I found it strange that the more I showered her with love the less she enjoyed us. I found it strange until she told me how people in her past said they loved her, but their behavior said otherwise. She doesn’t know that thoughts create reality. She doesn’t know other people act out what you’re thinking. They do that so your thoughts are “made real” for your examination. They’re made real so you can do something about them.

For me our relationship already succeeded and had no other choice but to succeed going forward. Where she saw “red flags”, I saw adventure and opportunity.

As I said, when one gets connected to one’s Inner Being, it will show that person why they may not want what they have.

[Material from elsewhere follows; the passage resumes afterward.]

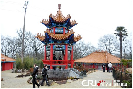 博瓦勒动物园熊猫馆内中式色彩的亭台楼阁

In her objections, Lauren showed me why Lauren may not be something I want. She wasn’t consistent with my “love vibration”. So she took herself out of my reality, leaving me free to love and be loved.

For me, relationship success looks like a relationship through which two parties are better off because of it. That means two find greater harmony with their Inner Beings by experiencing life with one another.

That’s what happened for me. And so where is the case for failure, or a broken heart?

It’s easy to never have a broken heart again. It starts with prioritizing the one relationship that will never end, the one relationship through which I get everything I want, no matter what that is, and then some. That’s the relationship between me and me.

Standing there, I never lose love. Or anything else. It’s all gain. And my heart remains whole.